Cynthia is ecstatic.

Her application to the Lagos State Employment Trust Fund (LSETF) was successful. Her Business, Cynthia’s Cakes is now a proud beneficiary of a N5 million LSETF loan at just 5%! She plans to use the funds to expand her business to other locations within Lagos.

Now that her business will be funded by a loan, she knows she has to be more accountable with her business finances and cannot continue as usual. She scheduled a session with Mrs. Adesuwa, her mentor who runs a chain of make-up outlets.

At the end of the session, Cynthia is convinced Mrs. Adesuwa’s tips should be shared with others. She knows many business would benefit from such wealth of knowledge, so Cynthia put pen to paper and wrote the post below to share with the LSETF so they can share with other beneficiaries.

1. Set up a company bank account: ​Cythia was only able to access the size of the loan she got from the LSETF because Cynthia’s Cake’s was an incorporated company with its own dedicated bank account. Mrs Adesuwa told her that opening a corporate bank account, especially as a limited liability company positions a business to gain access to more financing opportunities. 

2. Diligently organize your finances: Mrs Adesuwa emphasized the need for diligent keeping of records by entrepreneurs. Keeping invoices, receipts, and recording transactions would equip any business owner and potential investor with information required to make prudent business decisions.

3. Separate business from pleasure: Cynthia was embarrassed by the horrified look on Mrs. Adesuwa’s face when she admitted to using her business debit card when she went out with her family. Separating business finances from personal funds is essential in managing business finances. Being self disciplined is a “major key” to managing your business finances, said Mrs. Adesuwa.

4. Pay yourself: Related to separating business from pleasure is paying yourself. Where an entrepreneur allocates a certain amount monthly as salary, there is less likelihood to use business funds to take care of personal needs. Mrs. Adesuwa also pointed out that paying oneself is a healthy way to test the profitability of a business, as the true position of a business’ finances can be assessed.

5. Keep operating costs low: Outsource and leverage sharing as much possible. At the early stage of a business, it is okay to outsource certain functions. For every employee hired, the company has to not only pay salary, but all other relevant contributions which makes hiring cost high. Instead of hiring an accountant, a marketer, a lawyer, outsource these roles in the early days. Also take advantage of co-working spaces to share operational cost. Mrs. Adesuwa even advised sometimes bartering services, i.e. provide a service in exchange for a service you need.

6. Join a small business association: Mrs Adesuwa also advised that Cynthia join a small business association, which would enable her grow her network. Joining a small business association would also position Cynthia to benefit from product discount offers these small business associations have with suppliers and vendors.
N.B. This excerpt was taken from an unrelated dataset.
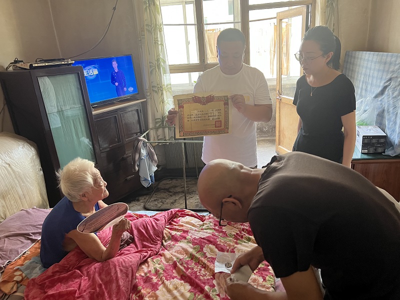 6月28日,安裝公司、物業(yè)公司聯(lián)合旱西關(guān)東社區(qū)工作人員組成慰問(wèn)小組開(kāi)展“慰問(wèn)抗美援朝老兵遺孀 真情傳遞溫暖人心”慰問(wèn)活動(dòng)?;顒?dòng)中,慰問(wèn)組一行前往抗美援朝老兵史黑則遺孀家中,詳細(xì)詢問(wèn)了老人的生活和身體情況,叮囑老人要保重身體、安享晚年,并送去了牛奶、瓜果等慰問(wèn)品。同時(shí),慰問(wèn)組一行還看到了保存多年的獎(jiǎng)?wù)录白C書(shū),大家紛紛表示要繼承革命先輩的光榮傳統(tǒng),汲取紅色力量,堅(jiān)定奮進(jìn)步伐,用實(shí)際行動(dòng)迎接黨的二十大勝利召開(kāi)。

Mrs Adesuwa pointed out that these small business associations organise thrifts which could provide a source of capital for a business and also have exclusive access to certain government funding initiatives.

7. Pay your taxes​: One of the tips that surprised Cynthia was that remitting taxes could actually help save money. Non-remittance of taxes & levies could amount in huge penalties and fines for small business in the future. In hindsight, the business owner would realise that prompt remittance of taxes saves time and money because “Prevention is better than cure”.

8. Get alternative payment channels for your customers: The less a business owner handles cash, the less the risk of theft or unplanned spending. Mrs Adesuwa encouraged Cynthia to adopt various payment channels like debit cards, mobile payment, POS terminals and even online bank transfer. Mrs Adesuwa uses all options in her shop, she has a POS terminal from 3 banks, uses PAGA and encourages her customers to pay by bank transfer.

9. Leverage technology to manage finances​: Mrs Adesuwa encouraged Cynthia to embrace technology to keep her books. Softwares such as Wave, Accounteer, Invoice.ng, and Payant are softwares small businesses can use, to create invoices, track bank balances and any other transactions. Products like eChange can be also used to give customers their balance (i.e. change)

Mrs Adesuwa emphasized that financial discipline is a strong determinant of whether or not a small business will succeed. Cynthia knows this too. She also knows that financial discipline will help her repay the LSETF loan and give her a higher chance of accessing more capital in the future.